We know that the aftermath of a child’s death—whether by disease, accident or crime—can either tear a couple apart or bring them closer together.
“It was really Patsy and me against the world,” John recalled. “We were pretty close to begin with, but this probably made us even closer. And if there is any lesson in all of this, it isn’t that an innocent child was murdered—because, unfortunately, that happens all too often—but that the police persecuted innocent people.”
No matter your faith, no matter your inner strength, when something like this happens, there are wounds that never heal. “Your primary responsibility as a father is to protect your children, and I couldn’t do that,” John reflected.
How has his life changed since the tragedy? “Before all this happened, I used to worry all the time. Even when things were going great, I’d worry about what would happen if I lost my job—how would I support my family? I could always find something to worry about. Now I just don’t pay any attention to that sort of thing. I’m beyond it.”
We asked him if having lost two daughters and a wife—having already undergone the cruelest that life could throw at him—made him “emotionally untouchable.”
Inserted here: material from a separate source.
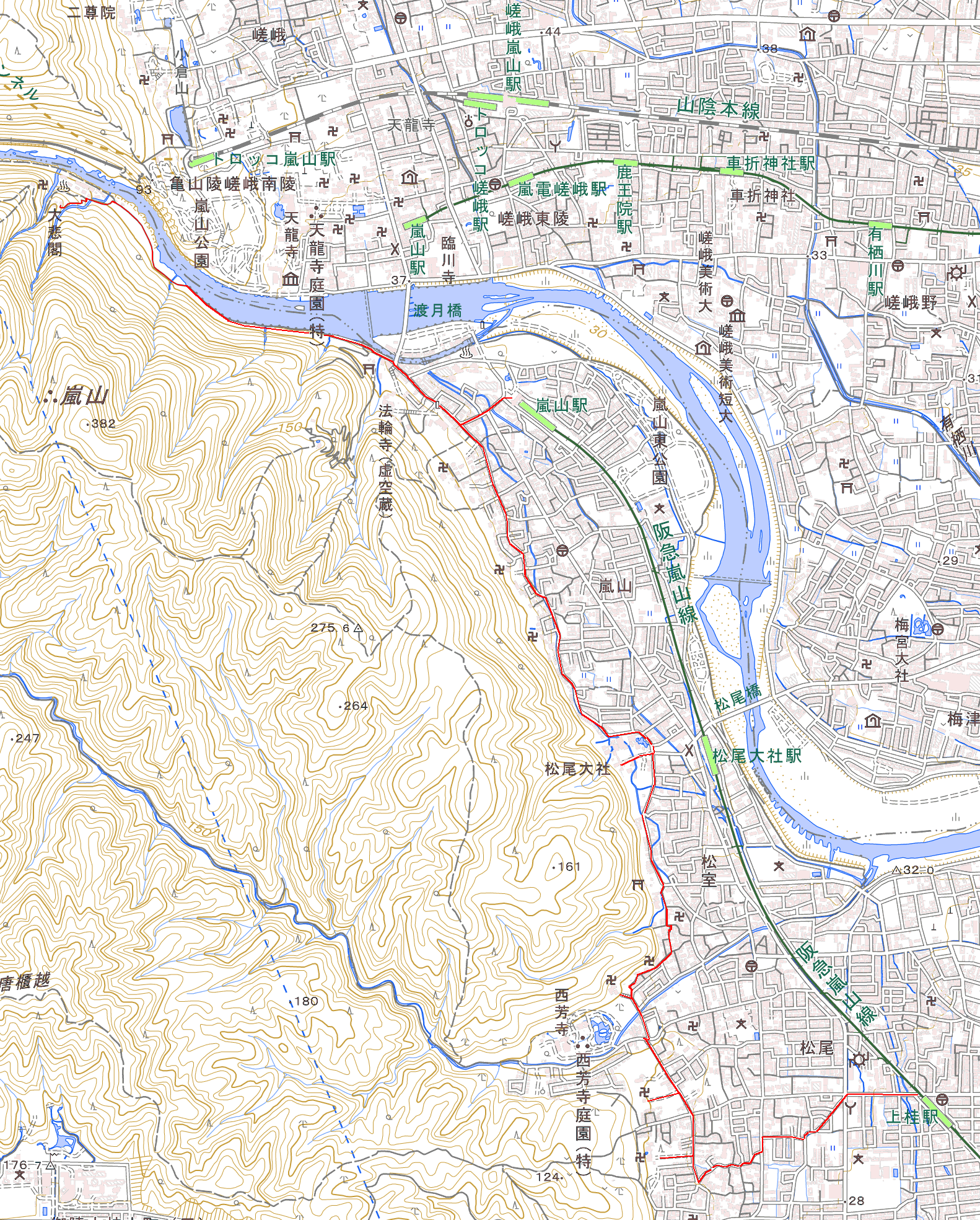 嵐山駅〜大悲閣〜(もどる)〜松尾大社〜鈴虫寺〜地蔵院〜浄住寺〜上桂駅

“No, I’m not emotionally untouchable. After JonBenét died, I didn’t care what happened. I wouldn’t have taken my own life, but if something had happened to me, it would have been fine. Then gradually I came to accept that I still had other children to take care of, and other things to live for. I realized that I had to do what I could to clear the family name—if not for my own sake, then for my children’s. And so no matter what, I think each of us has to work toward the idea that our best days are still ahead of us.”
With John Ramsey’s faith and strength of character, and concern for others, he just might achieve that goal. He remarried in 2011, to a fashion designer named Jan Rousseaux, and we wish them the best of everything.
Any highly publicized murder case becomes representative and symbolic—of our own fears, our fascination with and repulsion from evil, and of our involvement and interrelationship with our fellow human beings. They work as real-life embodiments of classic tragedies.
Knowing John Ramsey as I do, having known his late wife, Patsy, I can only think of them as individual human beings rather than symbols or pop culture celebrities. Like so many others, they were fine, loving, generous people; and in spite of everything, John still is.
I hope, with all that this tragedy represents, that we will not lose sight of the most basic and obvious element of all: A beautiful and unique child has been prevented from growing up, from living her life and fulfilling her own special destiny. The family that raised her has had to endure the unendurable, and beyond. That is something that every decent human being must mourn.